Career highlights and awards
- KBO Strikeout leader (2020);

= Dan Straily =

American baseball player (born 1988)

Daniel Steven Straily (born December 1, 1988) is an American former professional baseball pitcher. He played in Major League Baseball (MLB) for the Oakland Athletics, Houston Astros, Cincinnati Reds, Miami Marlins, and Baltimore Orioles, and in the KBO League for the Lotte Giants. The Athletics selected Straily in the 24th round of the 2009 MLB draft, and he made his MLB debut with them in 2012.

==Early life==
Straily was born in Redlands, California, to Sarah Jackson (née Beightler) and Steven Straily. He has an older sister, Larissa. The family moved to Pendleton, Oregon, when he was between kindergarten and first grade. Straily started his baseball career playing Little League Baseball and in the Babe Ruth League in Pendleton. He played his first two years of high school baseball for the Pendleton Buckaroos at Pendleton High School.

The family moved again prior to the start of Straily's junior year in high school, this time to Springfield, Oregon.
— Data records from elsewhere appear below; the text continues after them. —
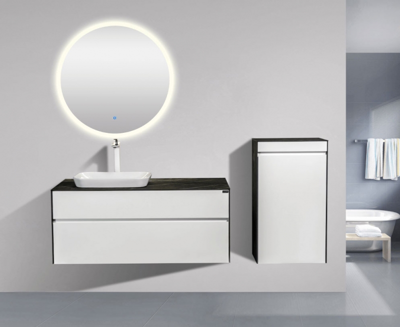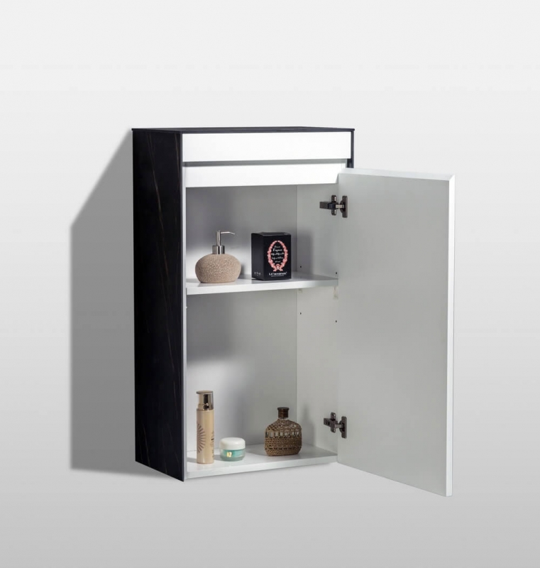 Подвесной шкаф Black&White Universe 50 U907 - уникальное сочетание классического белого цвета и темного с вкраплением изысканного золотого керамогранита по периметру идеально впишется в Ваш интерьер, наполняя комнату нотками роскоши.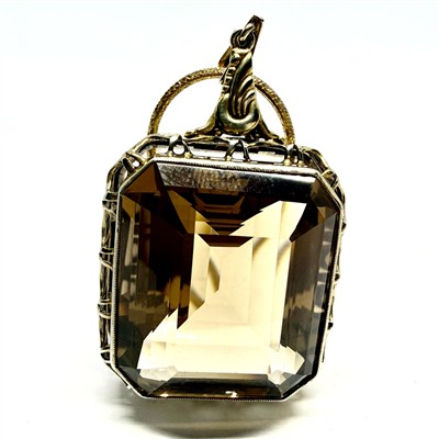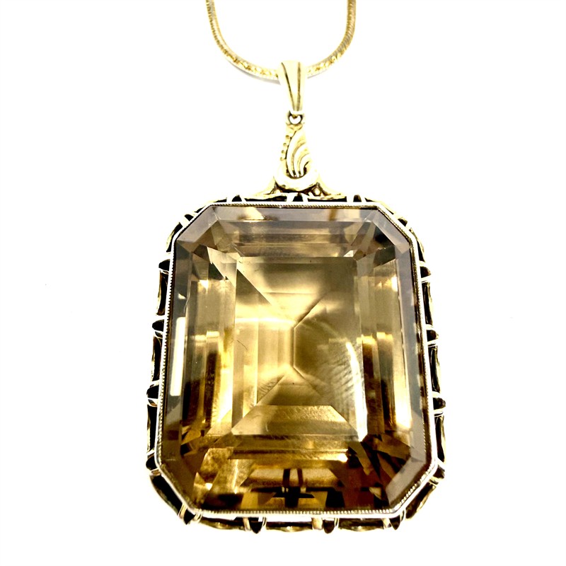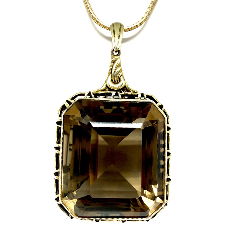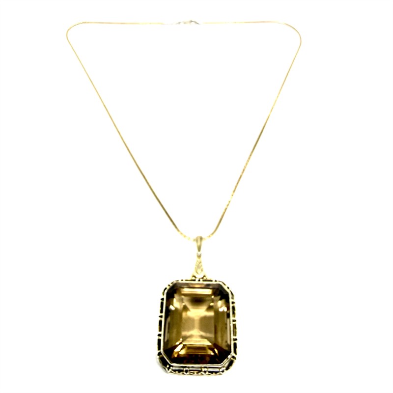 Nepřehlédnutelný náhrdelník ze zlaceného stříbra. Náhrdelník zdobí velký, odnímatelný závěs s grandiózním kouřovým topazem. Šperk byl zhotoven ze stříbra sterlingové ryzosti (925/1000). Celková váha 33,00 g. Délka řetízku 50 cm. Drahý kámen má sytou barvu a je přírodního původu. Výborný stav.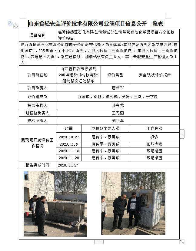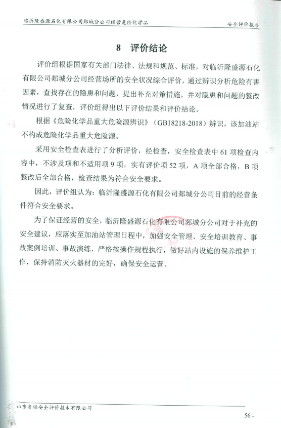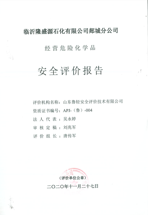 临沂隆盛源石化有限公司郯城分公司经营危险化学品项目安全现状评价报告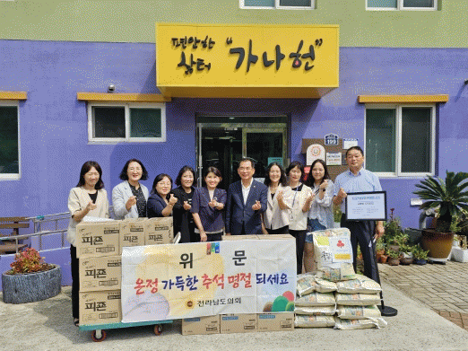 가나헌은 여수 화양면 소재 중증장애인 거주시설로 이날 위문은 추석을 맞아 따뜻한 온정을 나누고 더불어 살아가는 이웃 사랑의 마음을 전하기 위해 이루어졌다. 또한 이날 추석 위문품과 함께 지속되는 폭염에 건강하게 보낼 수 있도록 전라남도 폭염 위문품도 전달됐다.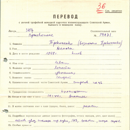 Трокопенко (возможно Прокопенко) Демьян Иванович – 1898 г.р., г. Киев. Солдат, стрелковая часть. Взят в полен:14.01.44 г., г. Винница, ранен.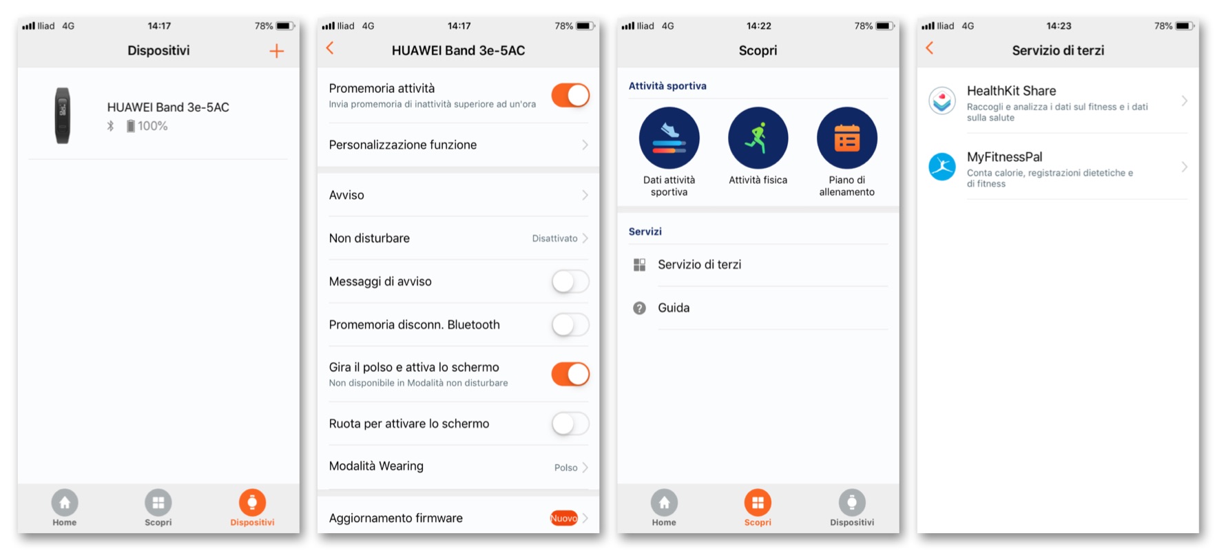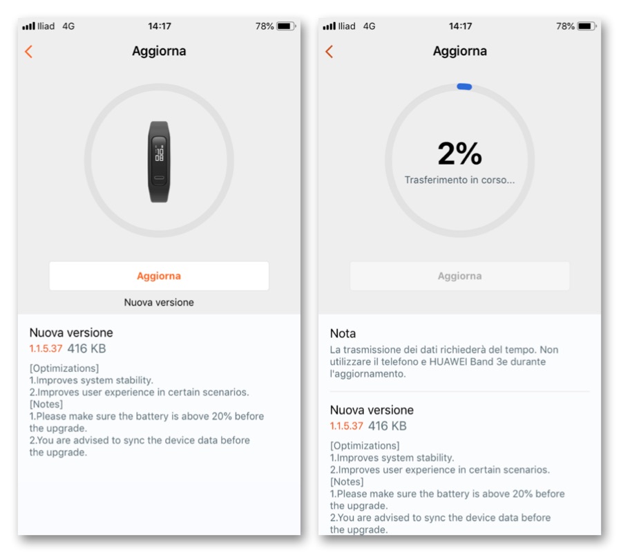 Questa fase, sebbene sia rapida, risulta poco chiara: giunti al punto in cui bracciale e smartphone si cercano per agganciarsi tra loro, il sistema ci restituiva costantemente un messaggio di errore dicendoci che non era stato trovato nessun Huawei Band 3e. Eppure, ogni volta che ripetevamo il processo, il nostro iPhone elencava subito il dispositivo come visibile ed attivo nelle vicinanze. Sostanzialmente, nel momento in cui il bracciale vibra perché “connesso” al telefono, è necessario sfiorare il pulsante touch incassato sotto al display per dare l’ok e proseguire con il processo di abbinamento.

Straily attended Thurston High School in Springfield, and graduated in 2006. Playing for the baseball team, as a senior he was second-team All-Mid-Western League after going 7–3 with a 2.48 ERA in 62 innings with 65 strikeouts.

Straily began his college career at Western Oregon University, where he played college baseball for the Western Oregon Wolves for one year. He then transferred to Marshall University, where he played for the Marshall Thundering Herd baseball team as a walk-on, and majored in Business Administration.

==Professional career==
===Oakland Athletics===
The Oakland Athletics drafted Straily in the 24th round, with the 723rd overall selection, of the 2009 Major League Baseball draft. He began his professional career with the Vancouver Canadians of the Low–A Northwest League in 2009. In 16 games pitched (11 starts), Straily had a record of 5–3, a 4.12 earned run average (ERA), and 66 strikeouts (seventh in the league) in 59 innings. His 5 wins were tied for 6th-most in the league.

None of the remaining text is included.